The way of Big data processing (experimental method < two >)

Source: Internet
Author: User

One: cross-validation (crossvalidation) (three methods attached to the experiment) introduction to the method   

(1) definition: cross-validation (cross-validation) is primarily used in modeling applications such as PCR(Principal Component Regression), PLS(Partial least squares regression) in regression modeling. In a given modeling sample, most of the samples are modeled, a small sample is used to predict the model, and the prediction error of the small sample is obtained, and the sum of squares is recorded. This process continues until all the samples have been predicted once and are only predicted once. The prediction error of each sample is squared plus, called the Press (predicted error Sum of squares). "From wikipidia:https://zh.wikipedia.org/wiki/%E4%BA%A4%E5%8F%89%E9%A9%97%E8%AD%89#K-fold_ Cross-validation"

(2) Classification:

Cross-validation is generally divided into three categories: thedouble-fold CV is often referred to as the 2 -fold crossover;10-fold crossover and LOO(leaveoneout) CV is one-way intersection.


2 fold: The original dataset is divided into two parts: one as a training set, namely Trainingset, one as a test set, that is Testingset , then use the training set to do the training, with the test set to verify, and then the training set as a test set, the test set as a training set to iterate, the error of two times as a result of the overall data prediction error. (Note: It is emphasized here that the data set must be divided into two parts, the reason is: as a training set, the amount of data must not be less than the test set, so in the iterative process, so that the data does not appear error conditions, must be evenly split. )

k - fold: (in this case K-fold) is to divide the data set into K subsets,K is a subset of the test set, and the rest of the K-1 data Set as a training set, and finally the K The error calculation mean of the subset of numbers,K -Iteration verification is the method to evaluate the results of the supervised learning algorithm, and the partition of data sets is generally divided by equal or random.


LOO : This method is a special column of K -fold, that is, the data is divided into n , in fact, each part is a sample, so iterative N times, calculate the final error as the prediction error.


(3) measurement method: At the end of the above cross-validation mentioned the data error, because there is no validation once there is a data error, after the K -fold verification, to iterate K times, this error processing also has different methods, that is, the measurement method, such as you take the average ME, or both, can be, and the average standard error, etc., can be used as the final verification error.

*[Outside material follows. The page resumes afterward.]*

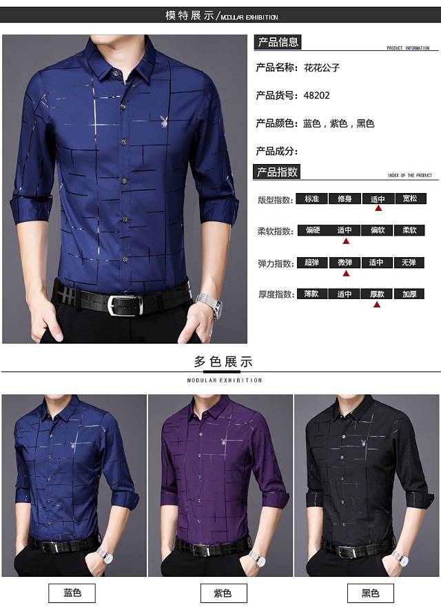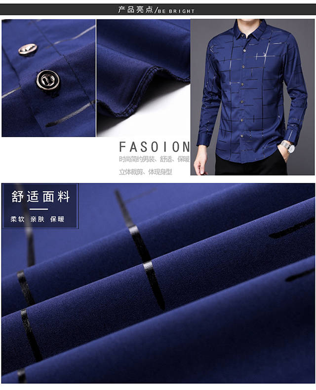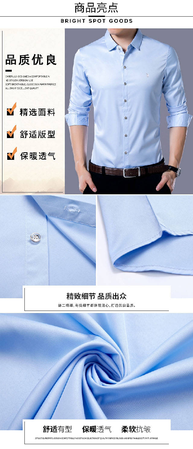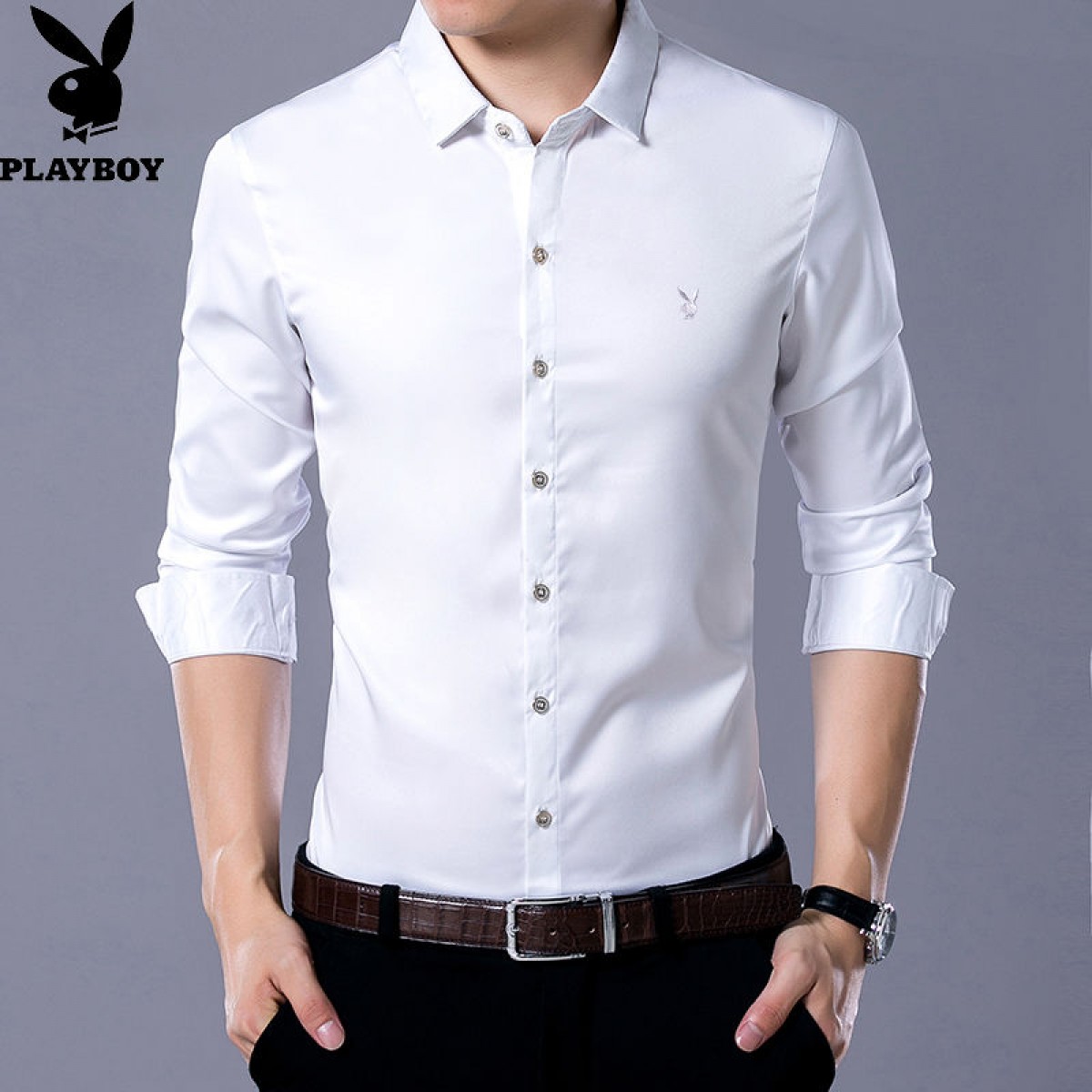 商品名稱:2019春季新款【花花公子貴賓】男士薄款長袖襯衫男韓版潮流白襯衣

(4) Below is 3-fold cross validation


Second, the experimental data processing method


(1) verification: Refers to the data into two parts, part as a training set, that is, Trainingset, part of the test set, that is, Testingset, the former accounted for the data 70%, the latter accounted for the data of the 30%, with training set to train, with the test set for testing, the final error as the overall prediction error.
(Note: Here you have to pay attention to the difference between the 2 -fold cross-validation, mainly in the data set of the sub-and test)

(2) Cross-validation: This is not described here, is to use the results of cross-validation as the criteria for the selection of parameters, but also as a model of merit criteria.

(3) experiment Three "from the introduction of machine learning" here first divides the data into two parts, part as the training set, part as the test set, uses the training set to cross-verify chooses the optimal parameter, uses the test set to select the optimal model. Of course, the final error is also a test set to be used as a prediction error.


The above is three kinds of experimental treatment methods, correct which method is good, can not do any comment, can only say that suits your appetite, or your professional appetite, or spectator's appetite ...

The way of Big data processing (experimental method < two >)

Related Article

Contact Us

The content source of this page is from Internet, which doesn't represent Alibaba Cloud's opinion; products and services mentioned on that page don't have any relationship with Alibaba Cloud. If the content of the page makes you feel confusing, please write us an email, we will handle the problem within 5 days after receiving your email.

If you find any instances of plagiarism from the community, please send an email to: info-contact@alibabacloud.com and provide relevant evidence. A staff member will contact you within 5 working days.

A Free Trial That Lets You Build Big!

Start building with 50+ products and up to 12 months usage for Elastic Compute Service

  • Sales Support

    1 on 1 presale consultation

  • After-Sales Support

    24/7 Technical Support 6 Free Tickets per Quarter Faster Response

  • Alibaba Cloud offers highly flexible support services tailored to meet your exact needs.